故鄉回望—張良

   

三十多年未歸,終於在今年的秋日,我背起行囊,踏上了回鄉的路。飛機在哈爾濱降落,空氣裡混雜著濕冷與泥土的氣息,這是我記憶中熟悉的東北味道。轉乘高鐵,窗外的玉米地與林帶像一幅幅展開的畫卷,提醒我,那片叫「友誼農場」的黑土地,正靜靜等待我的歸來。到雙鴨山時,大哥早已守在站口,開著車迎接我。我們一路向農場駛去,車窗外風景一如往昔,卻也處處不同。

故鄉的樣子,像是被時光切成了兩半。低矮的平房還在,但窗戶早已塵封,炊煙不再。那些院落後面,忽然拔地而起的是新建的居民小區,大樓裡都有暖氣。相比之下,過去住在平房時,取暖曾是東北農村最重要的事情。每到入冬,父親要去買上一車煤,我們兄弟幾個一同去卸車,再把煤用籃子一筐筐抬進院子裡的煤倉。屋子裡靠的就是火炕,既要做飯,也要取暖。如今那些忙碌的場景早已不再,取而代之的,是電梯樓裡隨手一拧就熱的暖氣。
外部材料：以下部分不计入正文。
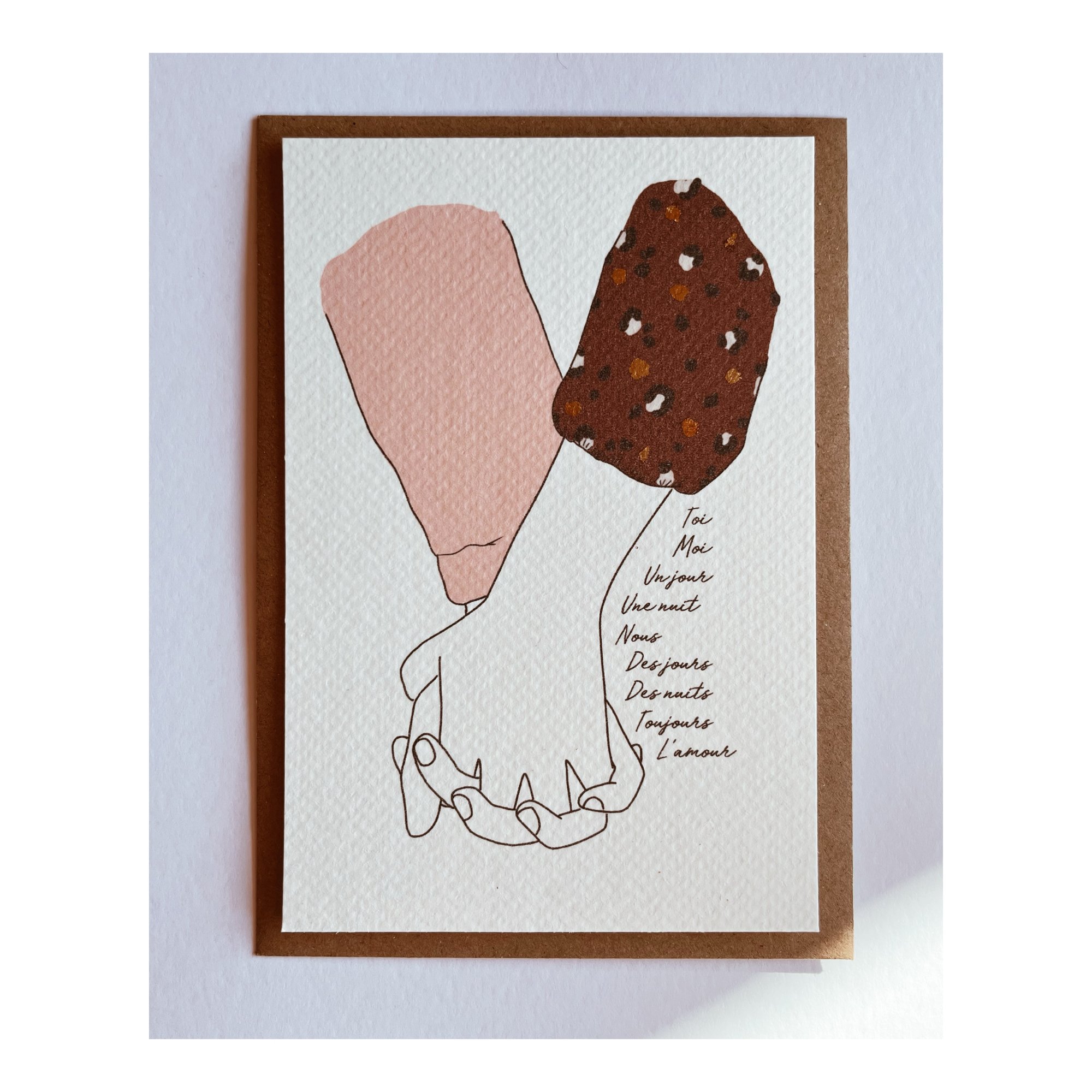 Impression numérique sur papier d'art 10x15 cm . Pose feuille d'or à la main donc chaque carte est unique. Enveloppe kraft comprise

父母依舊住在老屋裡,身子骨不如往昔,步子也慢了許多,卻仍執意在前後院翻地種菜,種幾垄黃瓜、豆角。母親笑著說:「雖然樓裡方便,可這院子才像家。」父親愛打聽,天天問我:「美國是不是到處槍擊?是不是颶風不斷?」我無言,只能點頭或搖頭。新聞裡的世界,總是放大了遠方的動盪。相比之下,這片土地安靜得像一口深井,日子在白酒的辛辣與鄰里的寒暄中流淌。兒時的同學聽說我回來,一個個輪番設宴。熱情未改,仿佛時光倒流。我們推杯換盞,他們依然豪爽:五十幾歲的年紀,一桌酒席要先幾兩白酒,再數瓶啤酒壓陣。我這些年在外早已不復當年的酒量,總是提前敗下陣來,他們卻哈哈大笑,拉著我的手說:「回來就行!」

有一晚,酒過三巡,我的一位老同學拍著胸口說起往事:小時候我們冬天滑冰,他摔進冰窟窿,我拽著他衣領死命拖,最後兩個人都凍得渾身發抖,卻還笑著跑回家。他說:「兄弟,你在外漂泊,我們一直惦記著你呢!」那一刻,眼角不由濕潤。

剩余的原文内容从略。